1. I’m holding a copy of “The New HIT” in my hand by Dr. Darden. He was at the Colorado Experiment and he was also buddies with Viator way back. According to him, Viator weighed 218lbs when he won the Mr. America, 2 years prior to the Colorado Experiment, which left him 6 pounds lighter
2. Tim Ferriss states that he weighed 187lbs in 1999 before he won his martial arts championship on this link:
This is 6 years before the “Geek to Freak” regain, leaving him 11lbs lighter than before.
So it’s an impressive rate of gain but it wasn’t back to their previous “peaks.” This is sort of stated off-hand but I feel it should be in bold and underlined!

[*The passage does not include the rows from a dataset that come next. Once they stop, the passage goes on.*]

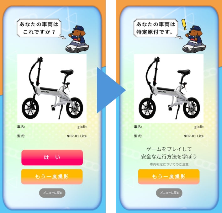 ・乗りたい車両をスマホカメラで撮影、または画像をアップロードするだけで、特定原付か否か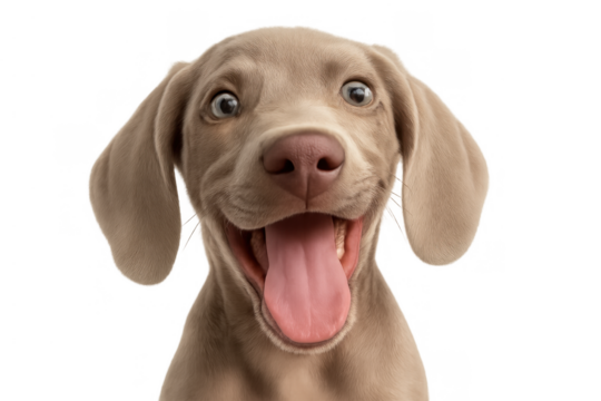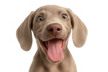 Brown weimaraner young dog is posing. Cute, happy crazy dog headshot smiling isolated on transparent background-generated by ai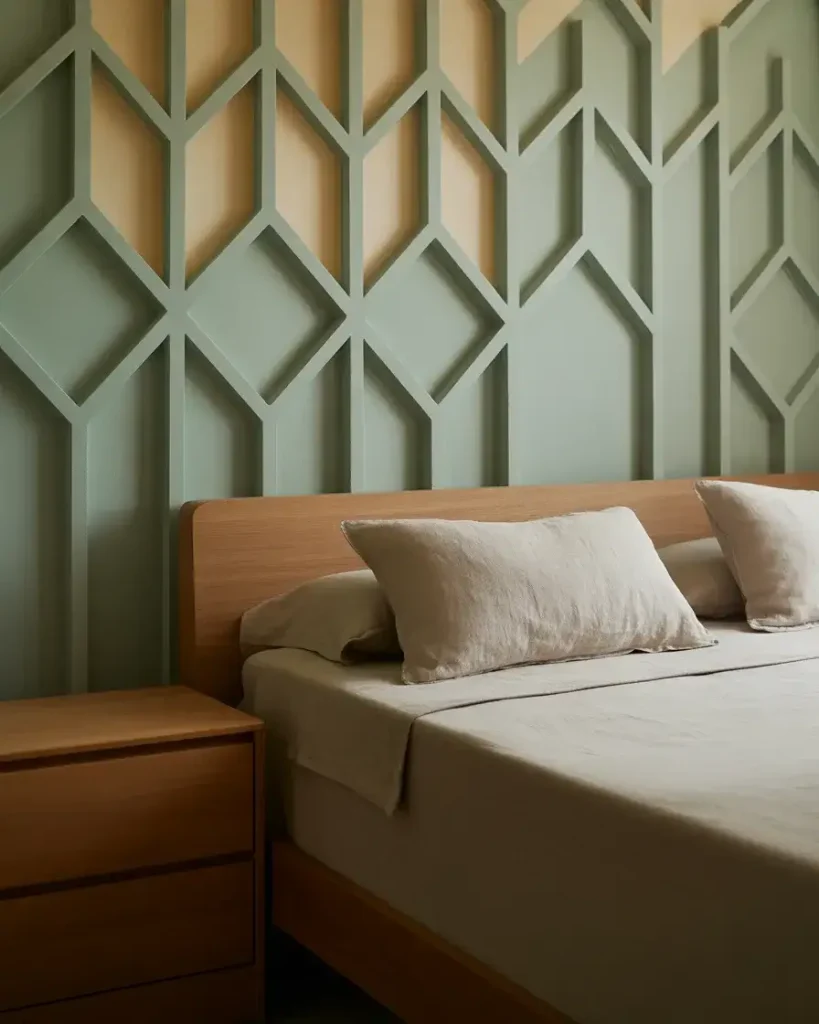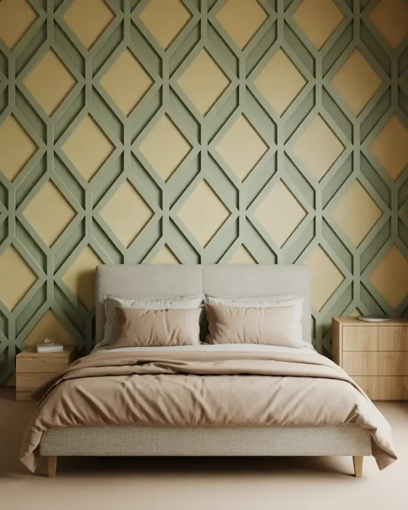 Paint doesn’t have to mean solid color—and geometric painted wall design ideas are one of the most compelling ways to add pattern, depth, and visual interest to a bedroom without hanging anything. A soft sage and warm stone geometric—whether it’s a simple half-paint technique, a series of painted triangles, or a more elaborate diamond grid—gives a wall the graphic energy of wallpaper at a fraction of the cost. As an accent wall treatment behind a bed, it creates a headboard effect that’s entirely two-dimensional but feels enormously substantial.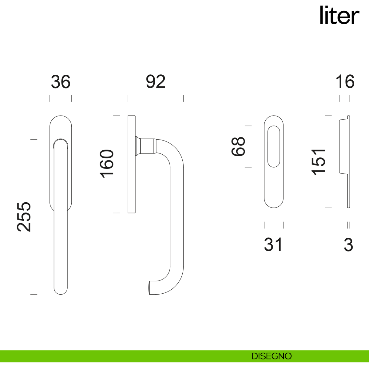 Maniglione per alzante scorrevole Liter dnd Handles singolo comprensivo di maniglia incasso.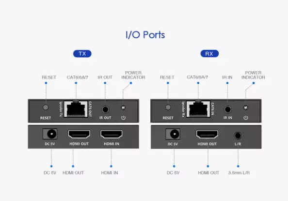 Lenkeng LKV565P - это бюджетный комплект передатчика и приемника HDMI по витой паре, который обеспечивает стабильную передачу видео с разрешением 4K на расстояние до 70 метров. Видеосигнал передается с нулевой задержкой и без компрессии (без ухудшения качества). Питание подключается только со стороны приемника.Комплект LKV565 поддерживает обратную передачу ИК сигнала. Передатчик имеет сквозной HDMI выход для подключения локального телевизора. Аудио выход у приемника позволяет извлечь аналоговое аудио из HDMI и подключить звукоусилительную систему.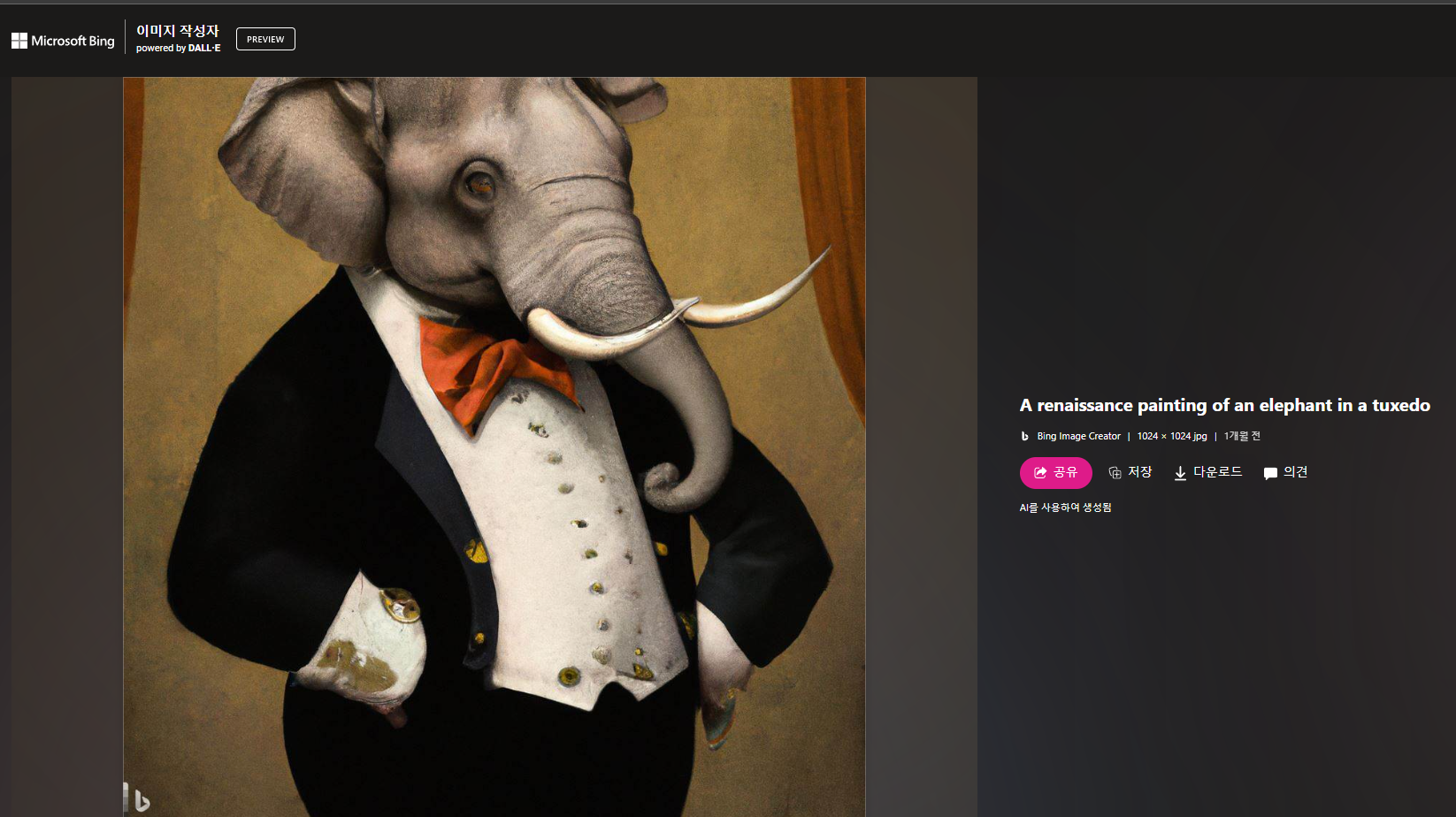 4개의 이미지가 생성되었다. 관심이 있는 이미지를 다운로드후에 사용할 수 있으며 공유를 눌러 페이스북이나 트위터등에 보낼 수 도 있다.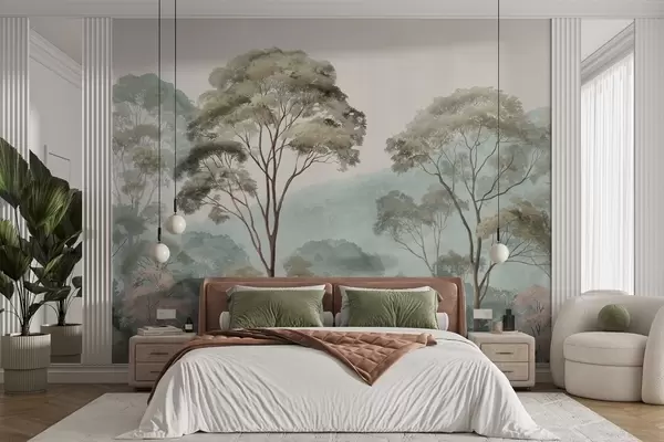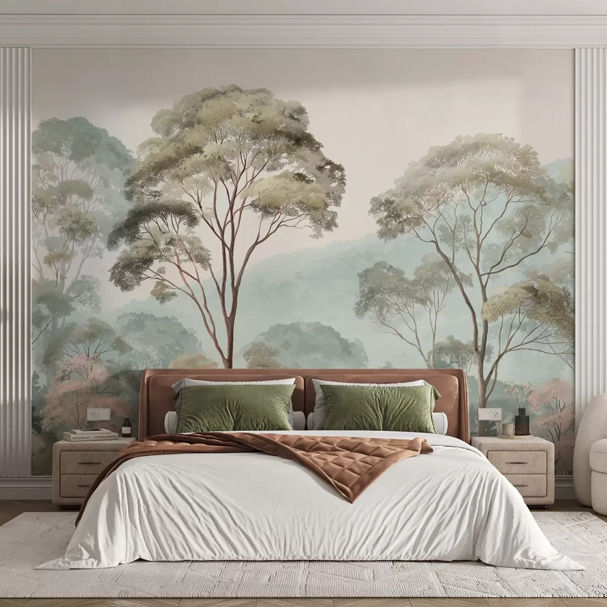 Fototapeten Nebliger Morgen im Wald im Aquarellstil N° w09405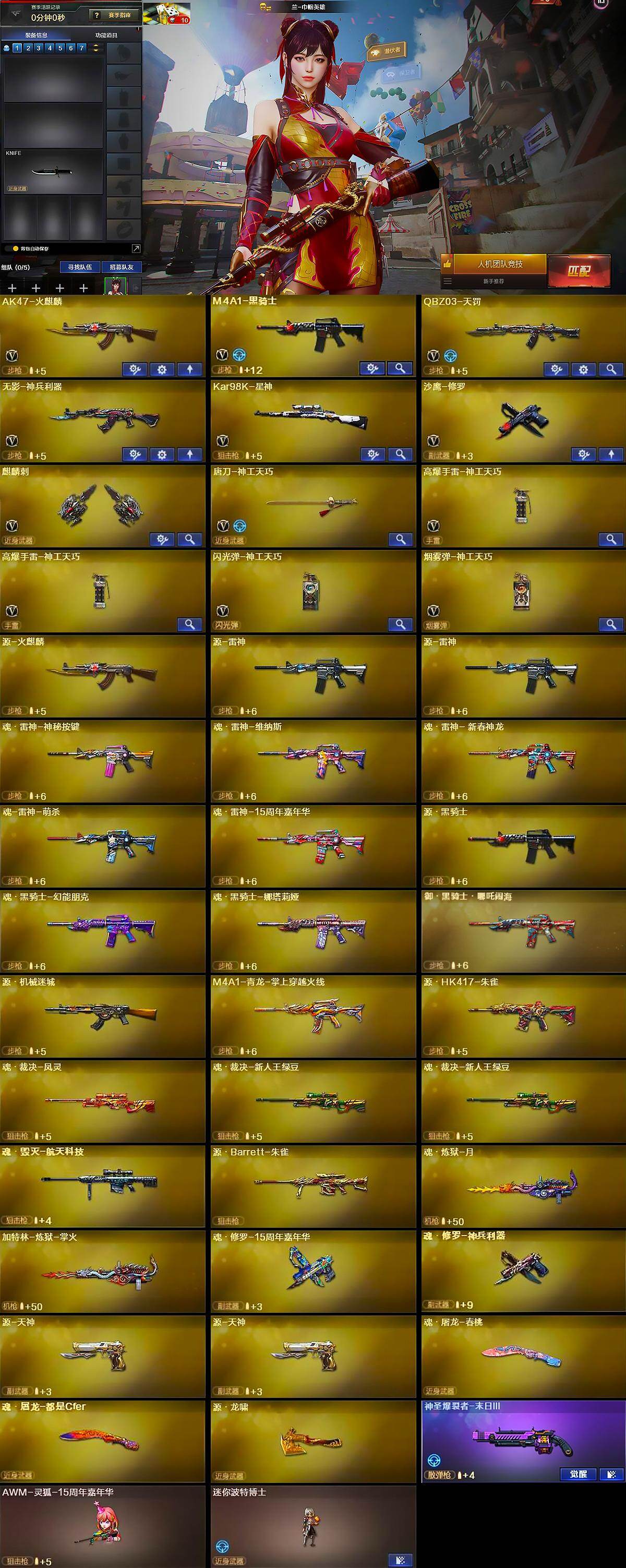 【英雄级武器】:AK47-火麒麟,M4A1-黑骑士,QBZ03-天罚,无影-神兵利器,Kar98K-星神,沙鹰-修罗,麒麟刺,唐刀-神工天巧,高爆手雷-神工天巧*2,闪光弹-神工天巧,烟雾弹-神工天巧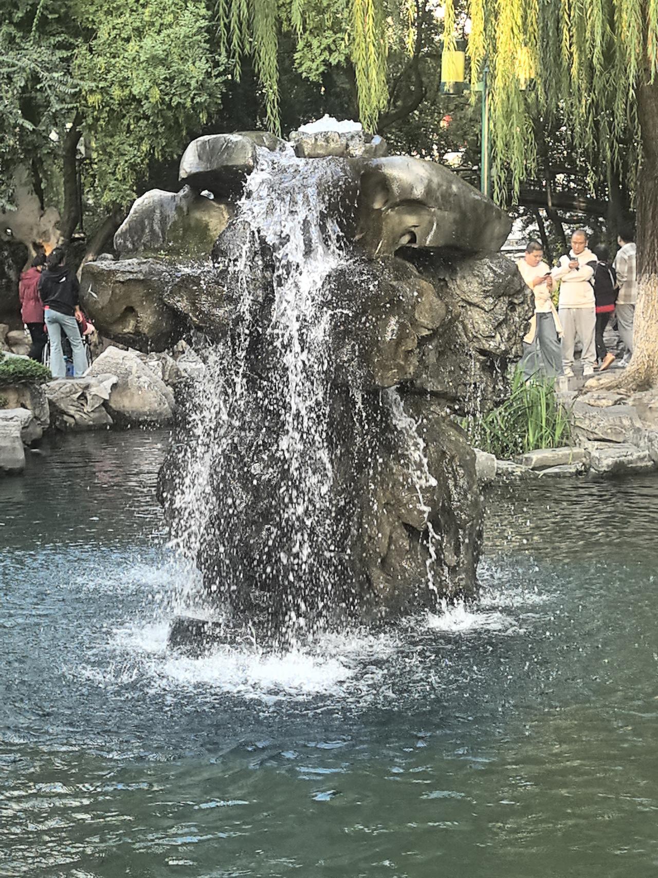 10月的济南五龙潭景区热闹非凡,“月牙飞瀑”成了顶流打卡点。10月8日国庆中秋假

As far as eating to satiety, there was a documentary performed by the BBC called “Why Are Thin People Not Fat?”and it explains some of the mechanisms would alter one person’s “satiety” vs. another:
Finally, Casey Butt has a calculator for maximum rate of mass gain on his website:
I think that clarifies it a bit better. Of course there are outliers but I think requoting Casey Butt is in order:
Over the years I’ve also received many emails full of unsubstantiated claims, hostile remarks and even personal attacks because of the information presented here. But in that time, though many have told me they’re easily going to surpass these predictions, I haven‘t received any legitimate, verifiable statistics that significantly exceed the results of the equations presented above …including correspondence with some of today’s top-ranked drug-free bodybuilders upon which the equations were partially based.
You could gain weight faster, yes, but it’s not going to be muscle.